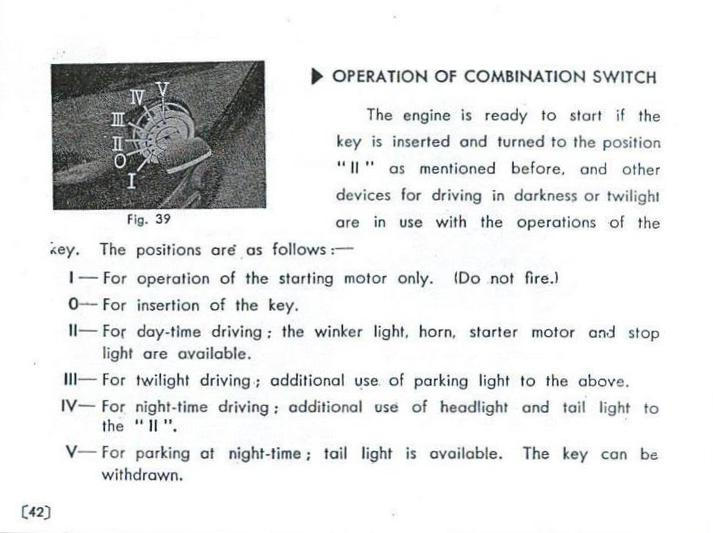 The combination switch on the C/CA Dreams controls not only the ignition & 'park' lighting, but also the headlight (with a separate, autonomous pair of contacts to 'lift' the charge rate [pink & yellow]) and, on some markets' models, an 'emergency' ignition position.
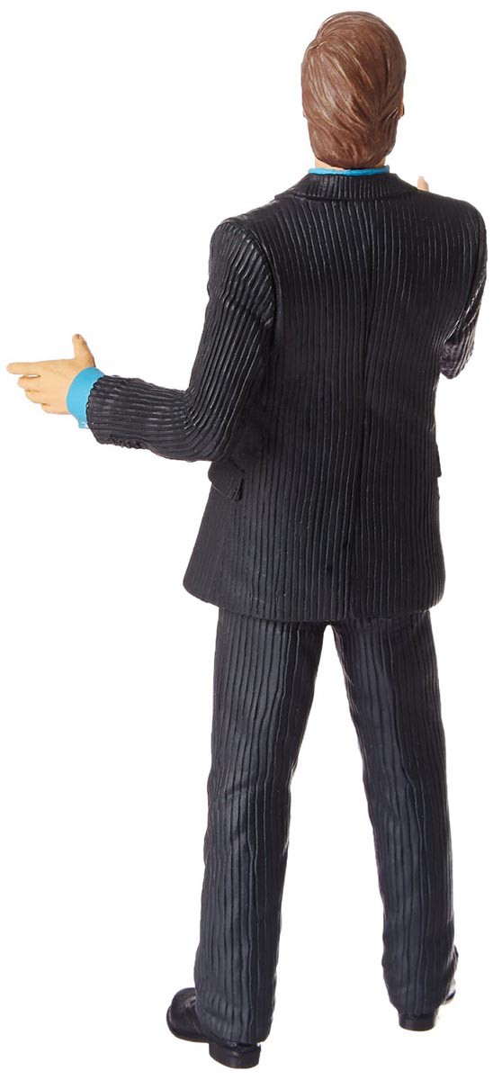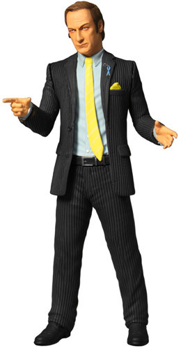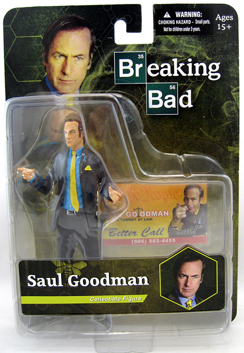 His pinstriped business suit is complimented by his token wireless headset and light blue Wayfarer 515 awareness ribbon. Saul Goodman comes complete with his business card in a display friendly blister card package.
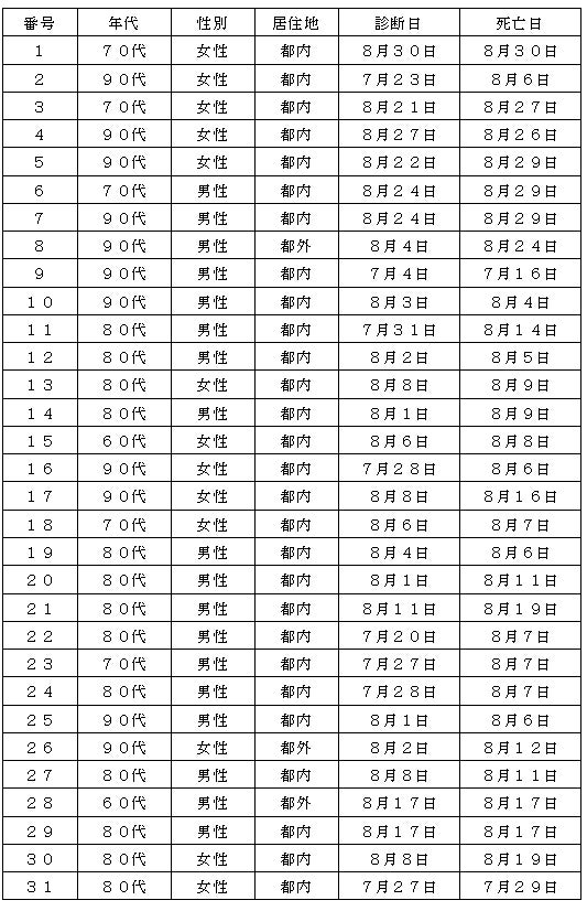 都内で新型コロナウイルスに感染した方が死亡されましたのでお知らせします。

* What you need to do: Return the whole listing, word for word, and leave out every picture.

* Solution to this task:
 The combination switch on the C/CA Dreams controls not only the ignition & 'park' lighting, but also the headlight (with a separate, autonomous pair of contacts to 'lift' the charge rate [pink & yellow]) and, on some markets' models, an 'emergency' ignition position.
 His pinstriped business suit is complimented by his token wireless headset and light blue Wayfarer 515 awareness ribbon. Saul Goodman comes complete with his business card in a display friendly blister card package.
 都内で新型コロナウイルスに感染した方が死亡されましたのでお知らせします。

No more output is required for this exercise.